▶ About this task
From the data that follows, print exactly the lines starting at the one containing "Scultura di saggio" and ending at the one containing "在 pages.json 里面配置"; include both of them and nothing more.

** Information provided follows **

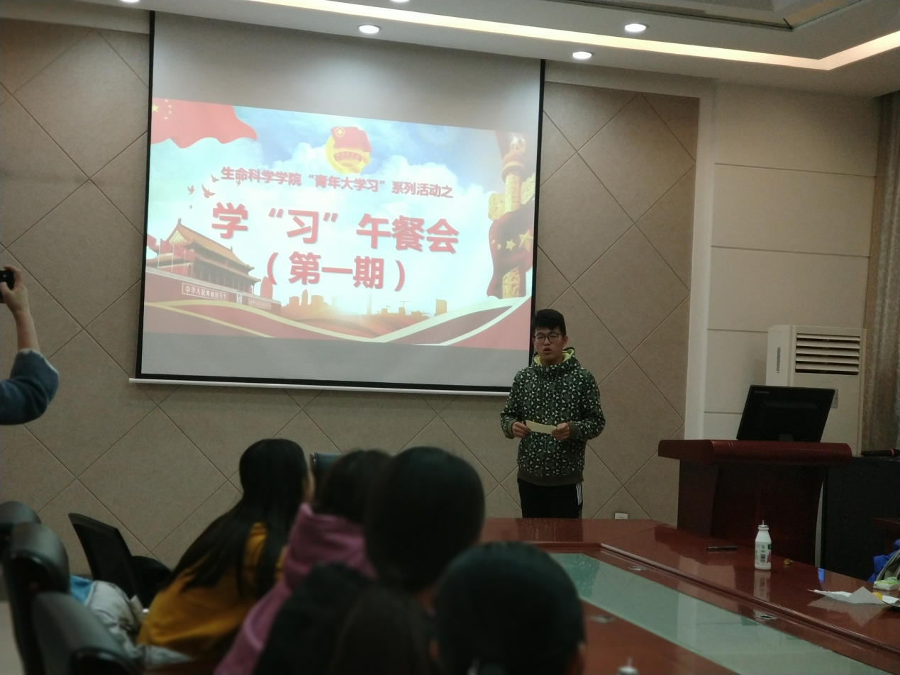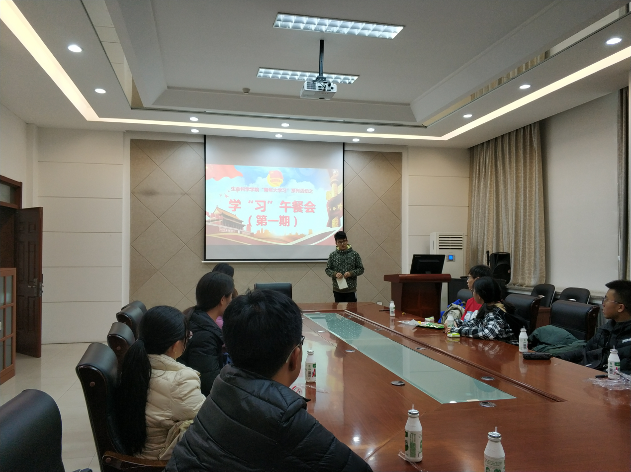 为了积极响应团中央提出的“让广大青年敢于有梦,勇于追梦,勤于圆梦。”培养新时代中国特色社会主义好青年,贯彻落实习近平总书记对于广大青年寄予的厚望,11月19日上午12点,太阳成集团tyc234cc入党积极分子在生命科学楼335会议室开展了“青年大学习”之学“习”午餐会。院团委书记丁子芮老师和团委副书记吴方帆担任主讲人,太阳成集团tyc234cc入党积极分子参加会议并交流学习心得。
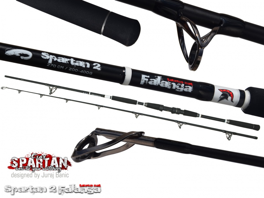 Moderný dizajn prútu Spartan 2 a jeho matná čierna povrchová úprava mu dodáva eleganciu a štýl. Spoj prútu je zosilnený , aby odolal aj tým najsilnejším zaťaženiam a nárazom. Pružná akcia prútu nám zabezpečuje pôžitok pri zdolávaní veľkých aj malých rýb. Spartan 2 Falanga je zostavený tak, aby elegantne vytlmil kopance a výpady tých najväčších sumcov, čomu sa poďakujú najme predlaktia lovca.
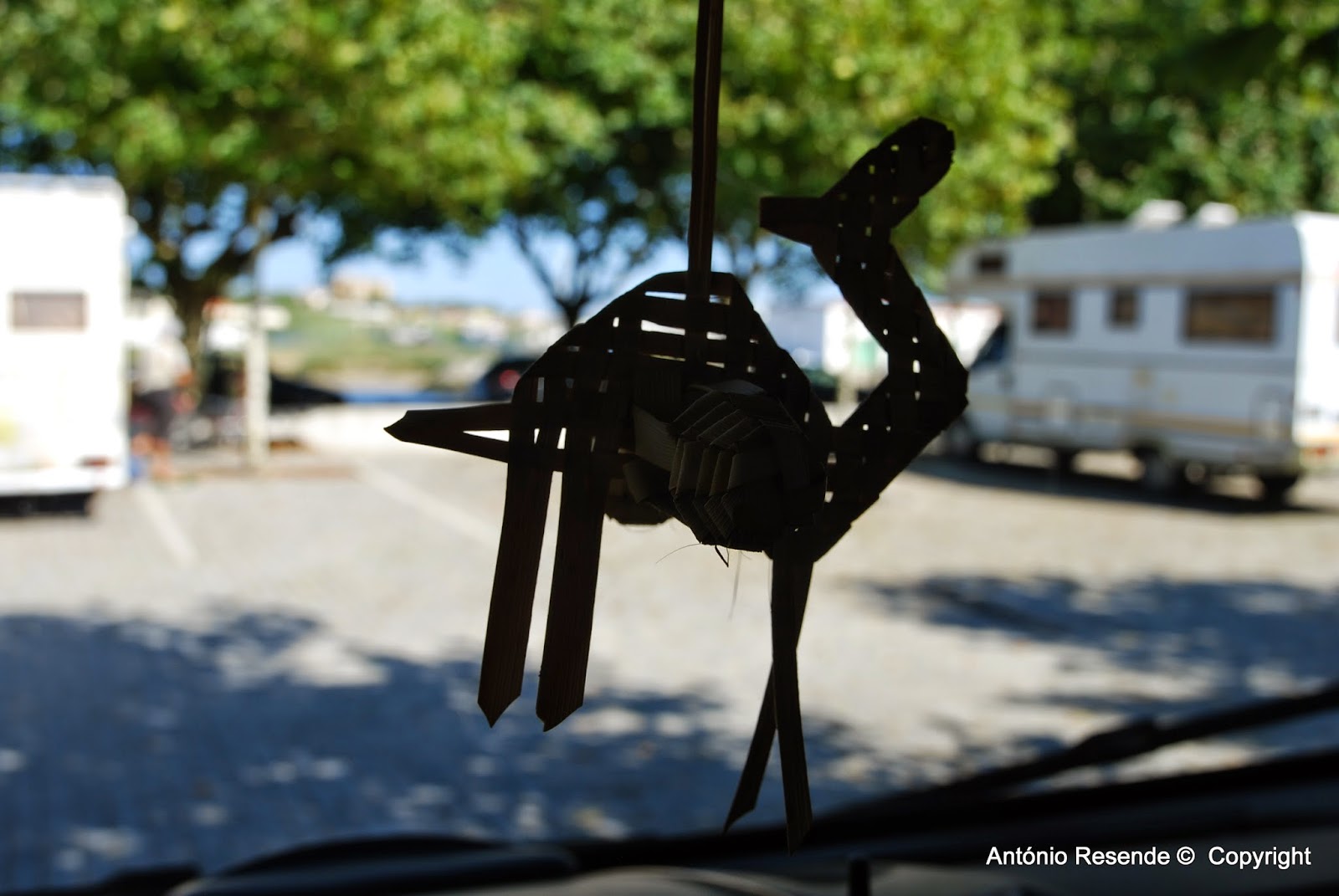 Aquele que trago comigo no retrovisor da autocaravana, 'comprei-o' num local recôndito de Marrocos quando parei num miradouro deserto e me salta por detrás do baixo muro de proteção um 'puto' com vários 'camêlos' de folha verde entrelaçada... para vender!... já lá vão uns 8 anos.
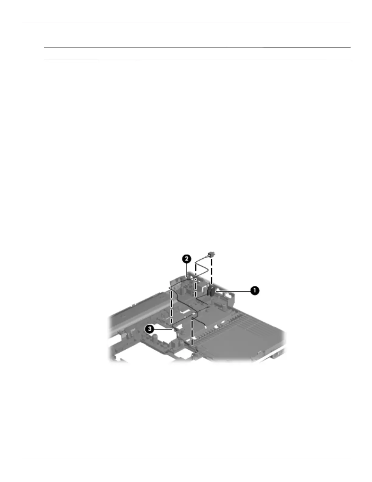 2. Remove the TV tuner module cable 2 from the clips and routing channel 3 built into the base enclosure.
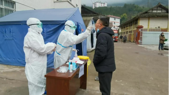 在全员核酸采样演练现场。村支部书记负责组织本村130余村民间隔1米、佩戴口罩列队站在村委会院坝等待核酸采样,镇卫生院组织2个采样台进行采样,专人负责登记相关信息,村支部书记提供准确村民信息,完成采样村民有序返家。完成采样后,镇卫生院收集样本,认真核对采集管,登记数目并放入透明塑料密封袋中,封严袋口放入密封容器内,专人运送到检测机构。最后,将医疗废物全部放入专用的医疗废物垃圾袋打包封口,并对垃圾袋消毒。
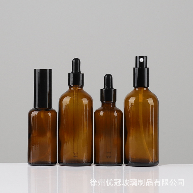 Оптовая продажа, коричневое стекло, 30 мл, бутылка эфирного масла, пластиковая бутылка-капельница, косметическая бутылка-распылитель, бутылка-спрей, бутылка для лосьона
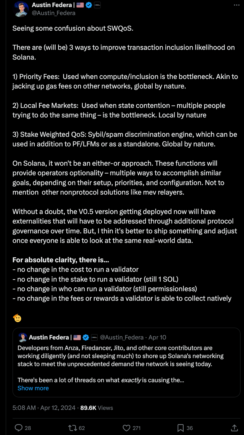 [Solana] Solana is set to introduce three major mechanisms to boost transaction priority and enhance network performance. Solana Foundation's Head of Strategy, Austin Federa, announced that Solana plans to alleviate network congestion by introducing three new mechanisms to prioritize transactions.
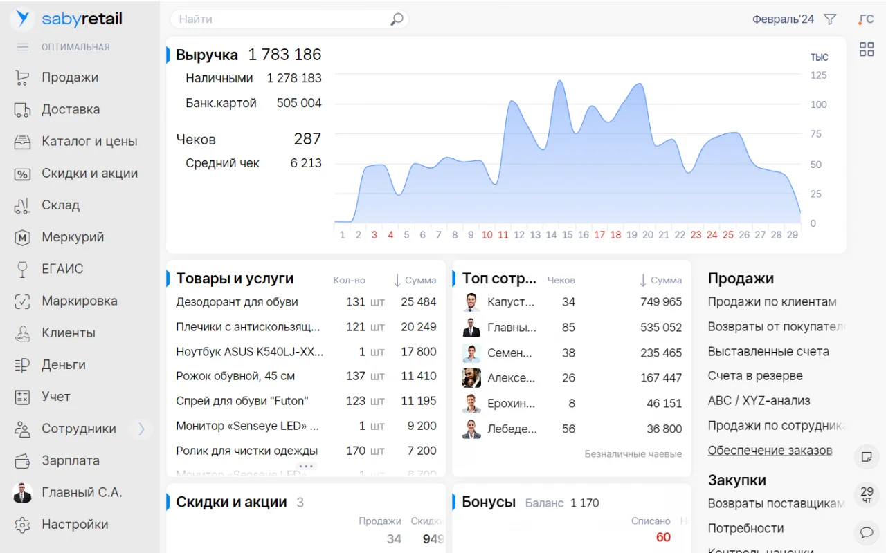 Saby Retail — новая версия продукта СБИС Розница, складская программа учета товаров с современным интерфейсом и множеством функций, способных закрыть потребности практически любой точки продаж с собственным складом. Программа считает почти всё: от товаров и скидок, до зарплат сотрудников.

** End of Information provided **
** Information provided follows **

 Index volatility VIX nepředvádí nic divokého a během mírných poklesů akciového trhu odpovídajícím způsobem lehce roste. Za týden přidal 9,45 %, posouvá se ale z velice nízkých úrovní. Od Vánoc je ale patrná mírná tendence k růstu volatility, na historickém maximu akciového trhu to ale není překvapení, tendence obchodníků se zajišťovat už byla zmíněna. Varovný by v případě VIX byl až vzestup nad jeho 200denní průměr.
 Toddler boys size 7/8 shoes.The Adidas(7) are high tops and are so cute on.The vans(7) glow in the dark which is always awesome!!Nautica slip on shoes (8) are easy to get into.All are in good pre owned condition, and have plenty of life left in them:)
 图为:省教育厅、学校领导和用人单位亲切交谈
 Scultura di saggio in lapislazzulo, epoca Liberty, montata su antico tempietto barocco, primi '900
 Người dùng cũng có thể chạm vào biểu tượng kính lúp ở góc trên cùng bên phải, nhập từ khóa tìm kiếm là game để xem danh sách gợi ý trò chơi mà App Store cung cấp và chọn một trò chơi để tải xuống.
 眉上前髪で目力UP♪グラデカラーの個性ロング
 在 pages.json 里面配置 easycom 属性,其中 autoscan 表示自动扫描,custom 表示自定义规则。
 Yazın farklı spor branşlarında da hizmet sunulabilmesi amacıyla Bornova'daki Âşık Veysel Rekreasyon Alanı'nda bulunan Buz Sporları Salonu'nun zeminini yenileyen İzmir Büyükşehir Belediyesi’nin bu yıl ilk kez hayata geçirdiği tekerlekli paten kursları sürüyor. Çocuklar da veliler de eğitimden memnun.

** End of Information provided **
** Information provided follows **

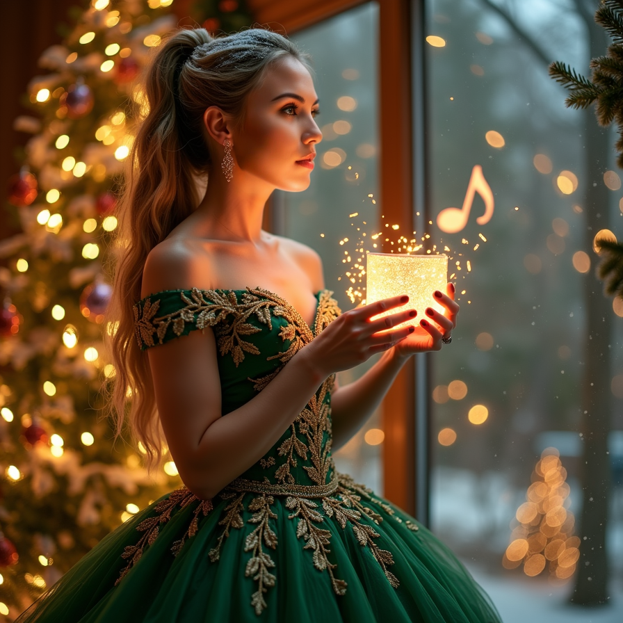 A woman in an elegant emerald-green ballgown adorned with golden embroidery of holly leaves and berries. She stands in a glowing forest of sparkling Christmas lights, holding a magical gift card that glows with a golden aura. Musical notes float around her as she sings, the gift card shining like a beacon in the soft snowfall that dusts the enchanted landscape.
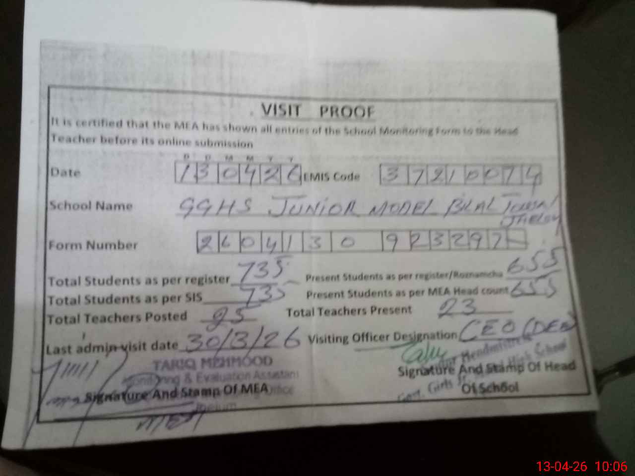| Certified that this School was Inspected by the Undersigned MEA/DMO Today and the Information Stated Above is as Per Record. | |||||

** End of Information provided **

▶ Result for this task
 Scultura di saggio in lapislazzulo, epoca Liberty, montata su antico tempietto barocco, primi '900
 Người dùng cũng có thể chạm vào biểu tượng kính lúp ở góc trên cùng bên phải, nhập từ khóa tìm kiếm là game để xem danh sách gợi ý trò chơi mà App Store cung cấp và chọn một trò chơi để tải xuống.
 眉上前髪で目力UP♪グラデカラーの個性ロング
 在 pages.json 里面配置 easycom 属性,其中 autoscan 表示自动扫描,custom 表示自定义规则。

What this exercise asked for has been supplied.